> Collected data entries
________

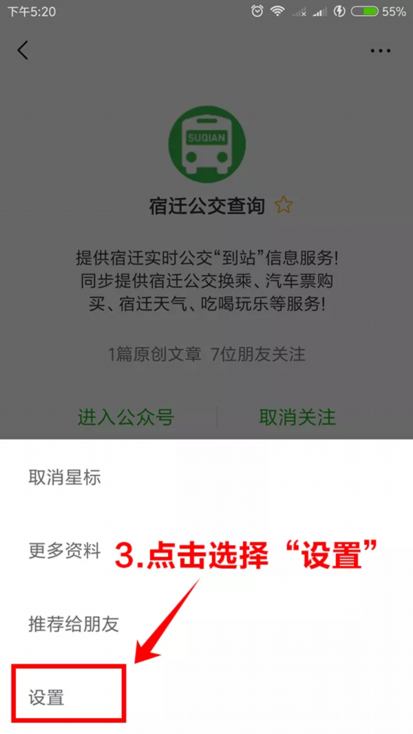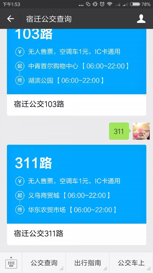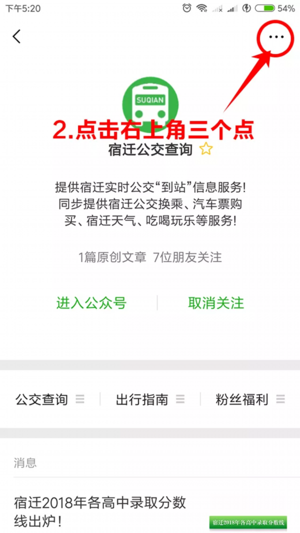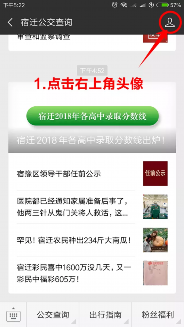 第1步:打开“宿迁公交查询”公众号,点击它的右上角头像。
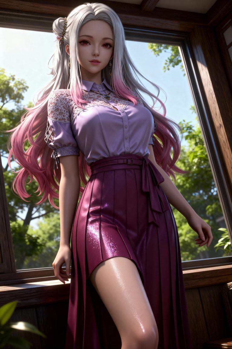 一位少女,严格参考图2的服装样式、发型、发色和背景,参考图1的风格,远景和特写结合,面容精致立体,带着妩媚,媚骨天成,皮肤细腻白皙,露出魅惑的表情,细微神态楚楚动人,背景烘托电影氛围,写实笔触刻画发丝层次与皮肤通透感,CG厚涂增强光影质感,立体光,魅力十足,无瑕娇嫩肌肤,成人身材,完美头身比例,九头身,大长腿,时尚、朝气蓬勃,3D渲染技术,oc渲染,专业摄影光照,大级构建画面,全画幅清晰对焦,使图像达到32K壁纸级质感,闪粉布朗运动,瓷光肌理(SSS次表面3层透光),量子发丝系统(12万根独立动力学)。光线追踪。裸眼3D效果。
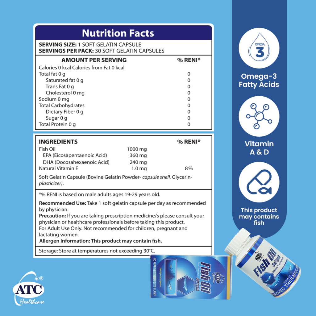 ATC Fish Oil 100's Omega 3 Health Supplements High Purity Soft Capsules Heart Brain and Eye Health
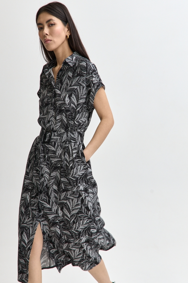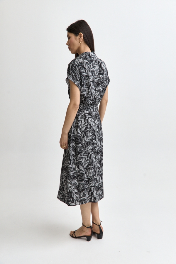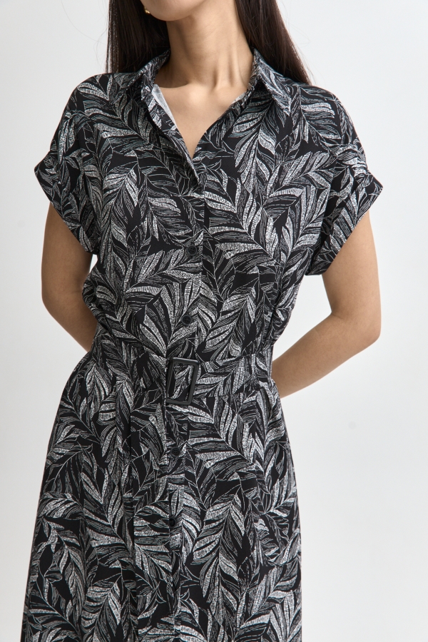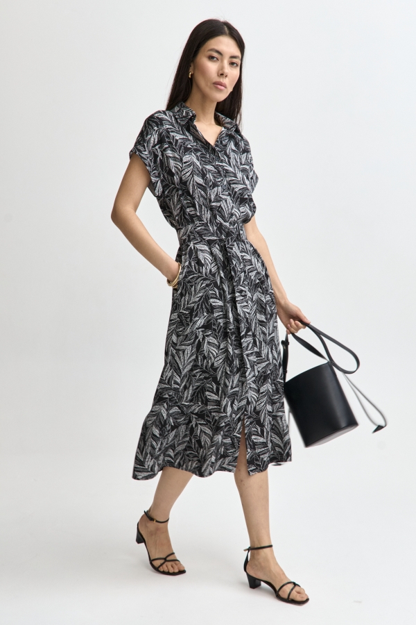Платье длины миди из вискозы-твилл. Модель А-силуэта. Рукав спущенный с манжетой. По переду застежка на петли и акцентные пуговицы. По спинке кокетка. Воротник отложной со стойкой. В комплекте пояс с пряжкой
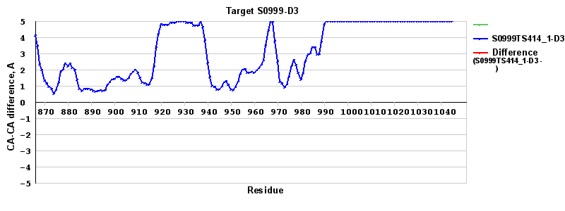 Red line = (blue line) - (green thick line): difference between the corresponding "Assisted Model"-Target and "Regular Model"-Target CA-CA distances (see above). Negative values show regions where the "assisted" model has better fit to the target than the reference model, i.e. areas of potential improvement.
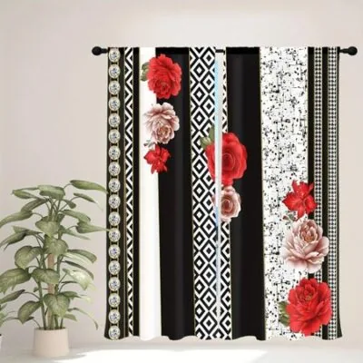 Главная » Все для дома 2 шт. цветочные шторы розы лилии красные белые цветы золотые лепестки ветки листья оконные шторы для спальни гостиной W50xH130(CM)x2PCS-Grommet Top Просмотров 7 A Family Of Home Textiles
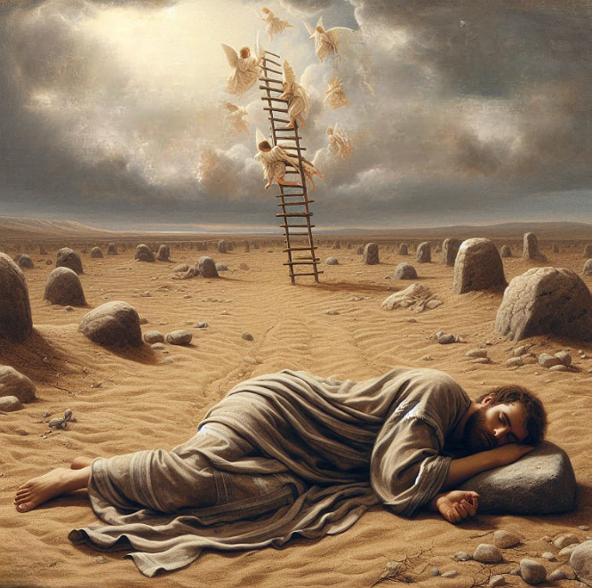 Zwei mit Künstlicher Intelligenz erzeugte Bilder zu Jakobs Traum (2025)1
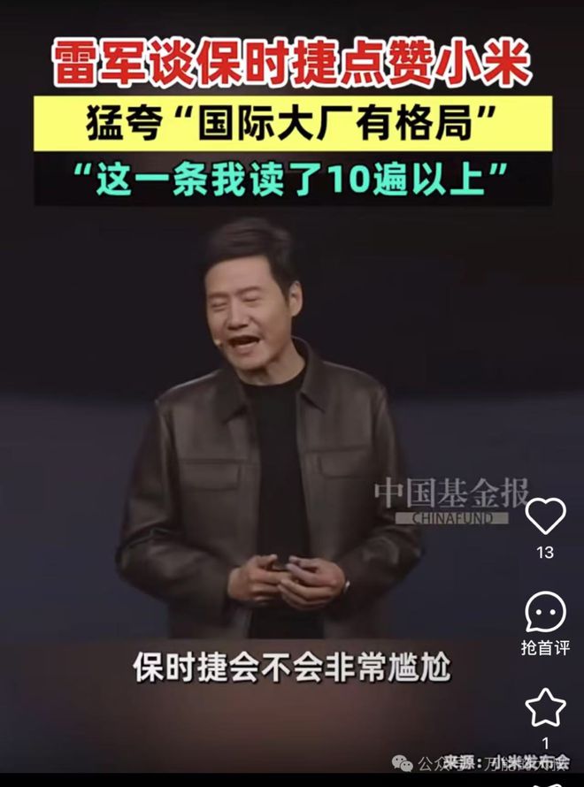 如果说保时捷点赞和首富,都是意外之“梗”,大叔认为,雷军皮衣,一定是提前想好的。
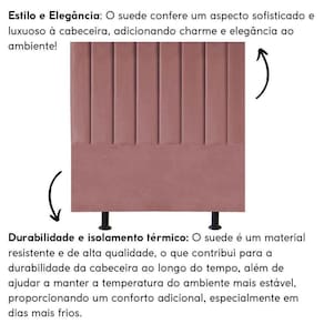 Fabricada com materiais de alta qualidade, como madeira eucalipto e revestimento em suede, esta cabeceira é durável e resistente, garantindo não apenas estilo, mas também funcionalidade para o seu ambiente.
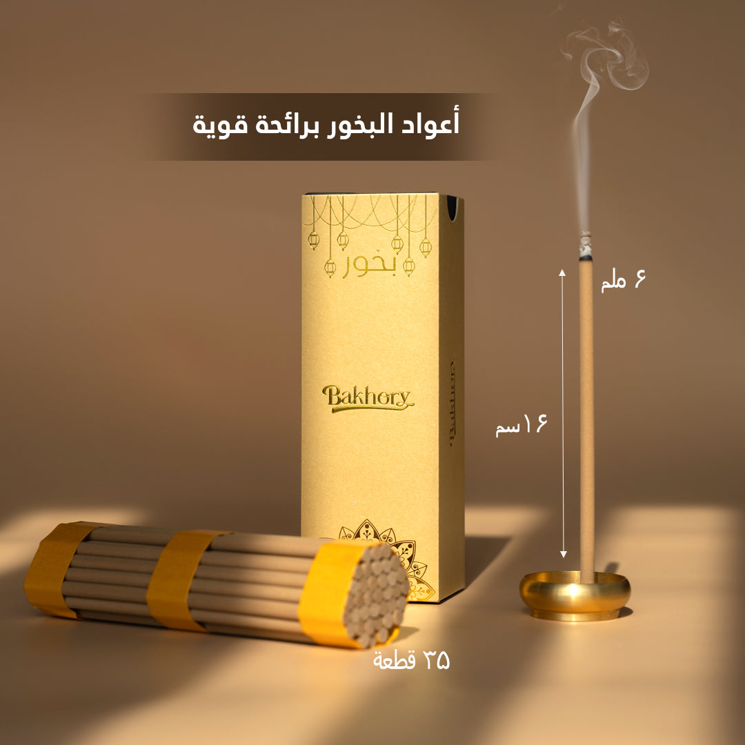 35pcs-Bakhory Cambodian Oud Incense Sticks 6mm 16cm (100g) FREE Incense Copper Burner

________

> What to do
In the data above, the stretch from the line with "一位少女,严格参考图2的服装" through the line with "ATC Fish Oil" is to be returned exactly, minus any pictures.

> Written solution
 一位少女,严格参考图2的服装样式、发型、发色和背景,参考图1的风格,远景和特写结合,面容精致立体,带着妩媚,媚骨天成,皮肤细腻白皙,露出魅惑的表情,细微神态楚楚动人,背景烘托电影氛围,写实笔触刻画发丝层次与皮肤通透感,CG厚涂增强光影质感,立体光,魅力十足,无瑕娇嫩肌肤,成人身材,完美头身比例,九头身,大长腿,时尚、朝气蓬勃,3D渲染技术,oc渲染,专业摄影光照,大级构建画面,全画幅清晰对焦,使图像达到32K壁纸级质感,闪粉布朗运动,瓷光肌理(SSS次表面3层透光),量子发丝系统(12万根独立动力学)。光线追踪。裸眼3D效果。
 ATC Fish Oil 100's Omega 3 Health Supplements High Purity Soft Capsules Heart Brain and Eye Health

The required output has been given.